Refusing to moan, Jason Day is vowing to "get this done" and secure his overdue maiden major at golf's spiritual home.
Day and former world No.1 Adam Scott are leading Australia's strongest collective push for British Open glory in a decade after completing the painstaking second round just three shots behind American halfway leader Dustin Johnson.
Day held his nerve after successive bogeys between two contentious suspensions of play to eke out a second-round 71 at waterlogged and windswept St Andrews to join Scott (67) at seven under par for the championship.
The star duo are in a six-way tie for fourth spot, with Geoff Ogilvy (68) and Steven Bowditch (69) within striking distance at five-under and among 10 Australians to make the halfway cut.
Scott is the sentimental favourite after going agonisingly close for the past three years, most painfully in 2012 at Royal Lytham.
But Day has been knocking on the door ever since boldly making the cut on his major debut at St Andrews back in 2010 and few would deny the 27-year-old former world junior No.1 his big moment on golf's greatest stage.
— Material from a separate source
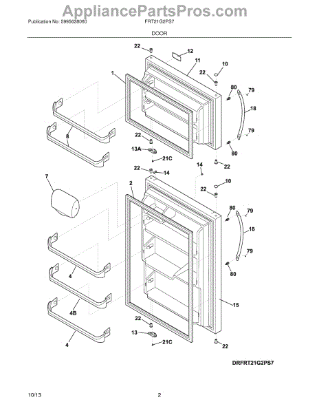 The Refrigerator Door Gasket is an OEM replacement part for Frigidaire refrigerators. As a sealing component, it surrounds the door frame to keep cold air circulating optimally. Proper installation and fit maintains energy efficiency. Causes of failure involve cracks arising over constant compression and expansion during repeated openings. Mineral buildup may also compromise the seal over time. Symptoms of a defective gasket include:
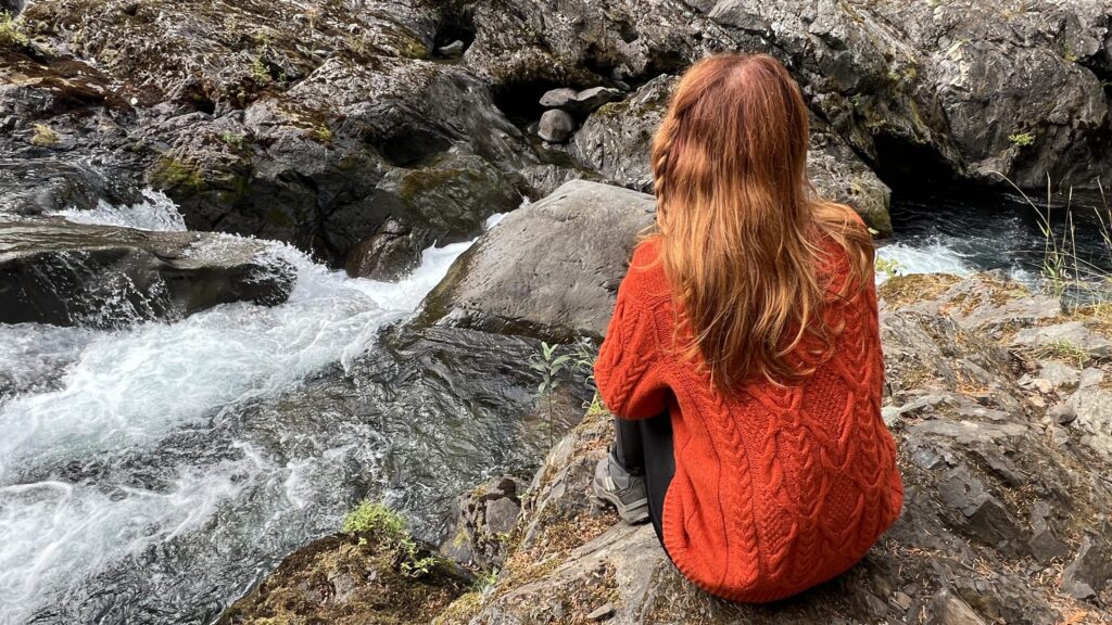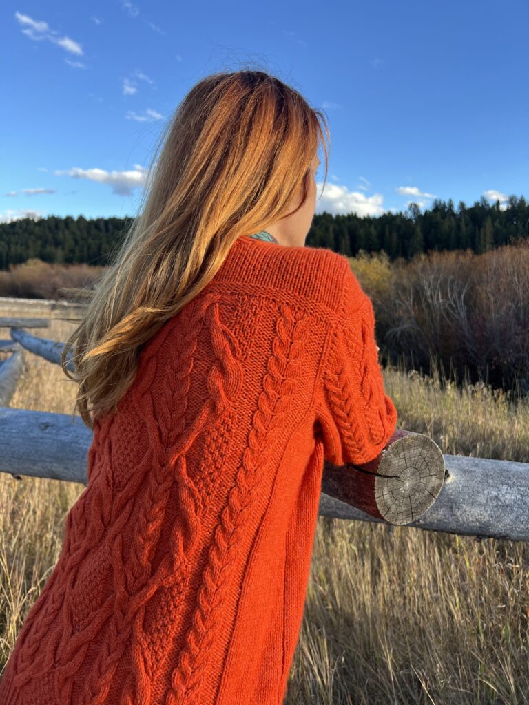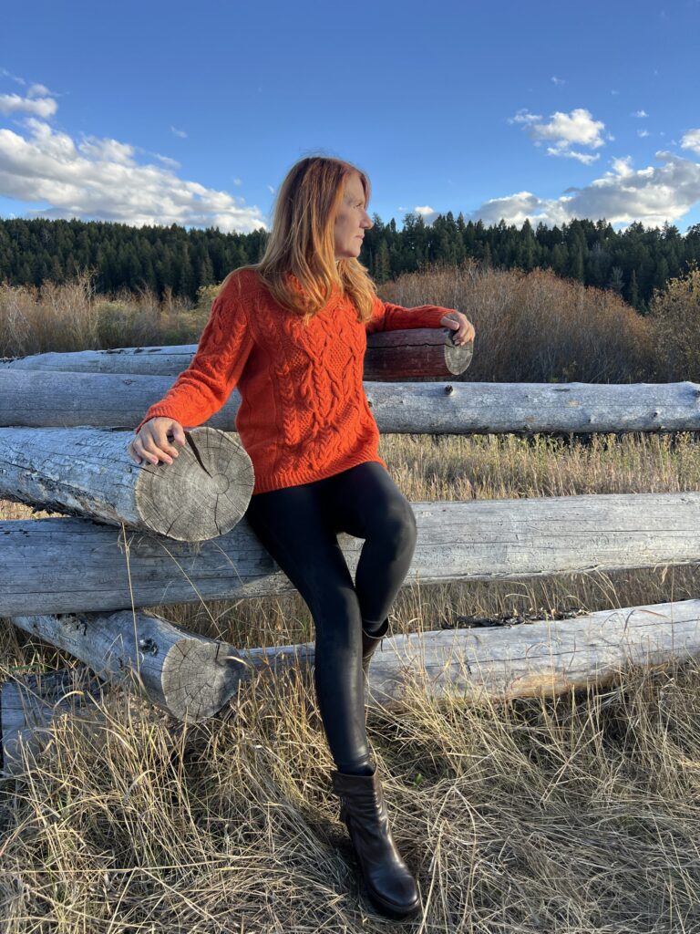 The next set of brilliant photos from the Audic photoshoot is of Kaen taken on their trip west in Montana in USA where they stayed at a friend’s ranch. Check out these scenic shoots that photographer Gael Audic took of his wife and model Rebekah, who is wearing the sample in size 2 with 15 cm/6 inches positive ease.

After heroically finishing ninth at last month's US Open despite his dramatic battle with vertigo, the three-time major runner-up wasn't about to let a 10-and-a-half-hour stoppage on Saturday cruel his latest shot at a life-changing breakthrough.
"I really want to win a major so bad that I just can't afford to let it frustrate me," Day said.
"I've just got to keep moving forward and take it hole by hole and get this done.
"I'm not going to stop fighting until it's over. Overall I'm very pleased with how this has panned out thus far.
The extreme winds, gusting up to 65km/ph - after a three-hour rain delay on Friday - forced R & A officials to make the momentous decision to finish the Open on a Monday for only the second time in more than a century.
Day, who won last year's gruelling world matchplay championship while also suffering with illness, admitted he'd have preferred a 36-hole Sunday finish.
"I would have been happy with it, but the decision is in and I'm happy with 18-18," the 27-year-old said.
"But 36 was good. I feel like I'm a young, fit bloke and I can power on, but either is fine with me."
Fellow Australians Matt Jones (73) and Greg Chalmers (72) are at three-under and not out of it, sitting seven shots adrift of the lead.
Brett Rumford is two-under after successive 71s, Marcus Fraser (69) and Marc Leishman (73) are both one-under, while John Senden (72) and Scott Arnold (71) also made the cut right on the even-par number.
Arnold, the 29-year-old world No.631, was particularly impressive.
The New South Welshman reeled off four straight birdies on the back nine in Saturday's torrid conditions to memorably survive the cut on his major championship debut.